Species	\|d̅_s\|	σ_s	w_s = 1/(1+σ_s) (sums to D)	\|d̅_s\| × w_s (sums to N)	Raw score (N/D)	Score floor	Numeric score	Letter grade
Abundance
Halodule	1.00	0.00	1.00	1.00	—	—	—	—
Syringodium	0.00	1.00	0.50	0.00	—	—	—	—
Thalassia	1.00	1.00	0.50	0.50	—	—	—	—
Raw score (weighted mean)	—	—	2.00	1.50	0.750	59	59.2	D+
Blade Length
Halodule	2.40	11.50	0.08	0.19	—	—	—	—
Syringodium	7.20	9.80	0.09	0.67	—	—	—	—
Thalassia	2.40	10.30	0.09	0.21	—	—	—	—
Raw score (weighted mean)	—	—	0.26	1.07	4.102	50	87.0	B+
Short Shoot Density
Halodule	1.10	2.50	0.29	0.31	—	—	—	—
Syringodium	0.40	0.00	1.00	0.40	—	—	—	—
Thalassia	0.30	1.30	0.43	0.13	—	—	—	—
Raw score (weighted mean)	—	—	1.72	0.84	0.491	96	97.8	A
Total
Average of three metric scores	—	—	—	—	—	—	81.3	B
For the Raw score row: the w_s column shows D = Σw_s and the \|d̅_s\| × w_s column shows N = Σ(\|d̅_s\| × w_s).
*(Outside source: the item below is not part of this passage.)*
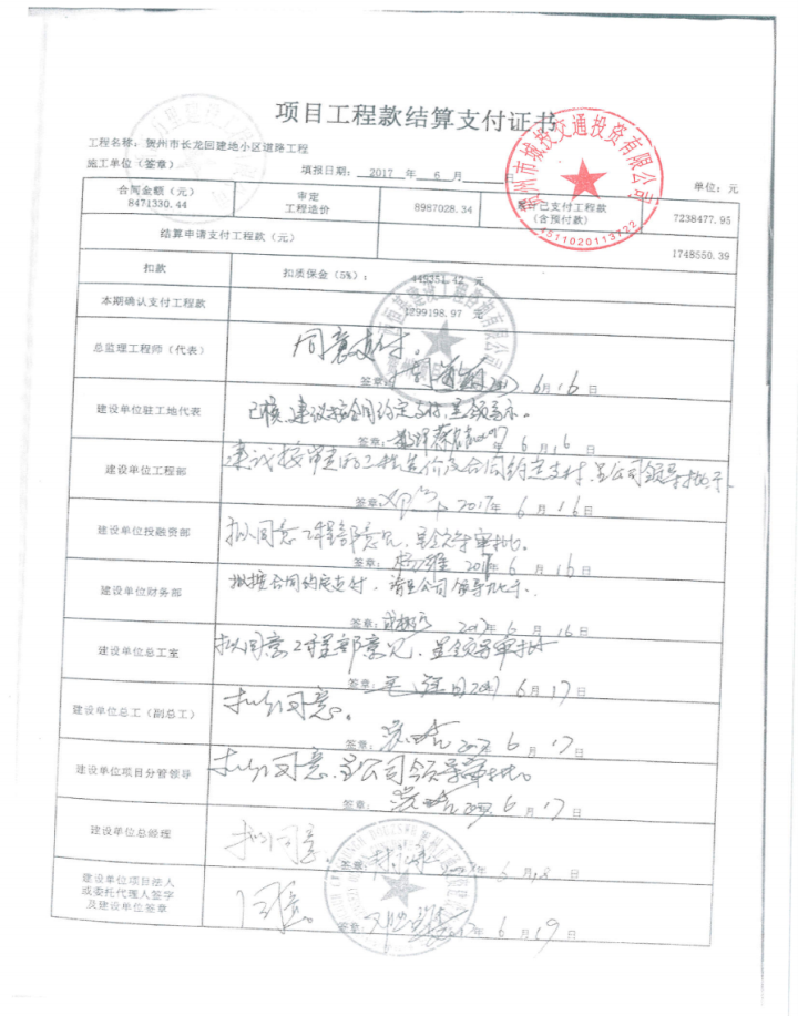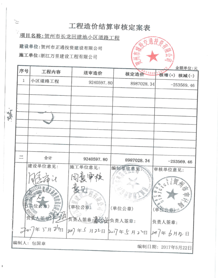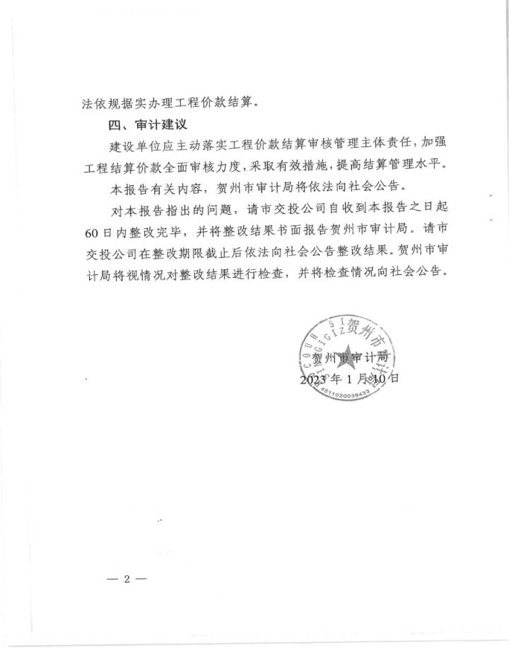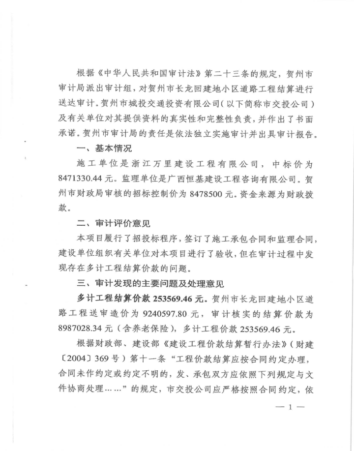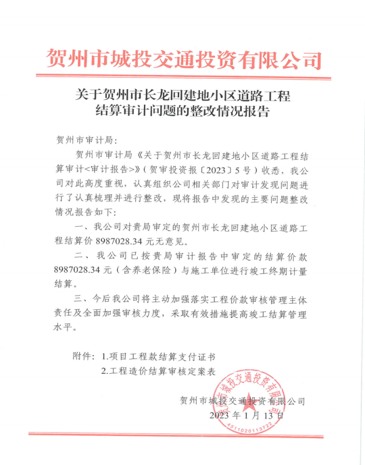 城投集團(tuán)關(guān)于賀州市長龍回建地小區(qū)道路工程結(jié)算審計整改情況報告公示

Raw score = N/D.

The figure below shows how raw scores map to numeric scores across all groups for each metric. The grey line is the linear rescaling anchored at 100 for the best group and at the score floor for the worst. Group C is highlighted in blue.

Figure 2: Raw score to numeric score rescaling for all groups in 2025 by metric. Each dot is one group and group C (blue) is highlighted with drop lines to both axes. The grey line is the linear mapping from the best group (lowest raw deviation, numeric score 100) to the worst (highest raw deviation, numeric score = score floor). The red dashed line shows the calibrated score floor.

How the calibration affected this group’s scores

Table 11: Effect of calibration on scores for group C in 2025. The floor is the lowest possible score any group could receive in this year for each metric.

Metric	Score without calibration	Score with calibration	Ratio (within-year spread / historical mean)	Score floor
Abundance	50.0	59.2	0.82	59
Blade Length	87.0	87.0	1.30	50
Short Shoot Density	71.6	97.8	0.08	96

A ratio below 1 (tighter than average cohort) raises the floor for all groups, including this one. A floor of 50 means no calibration adjustment was applied.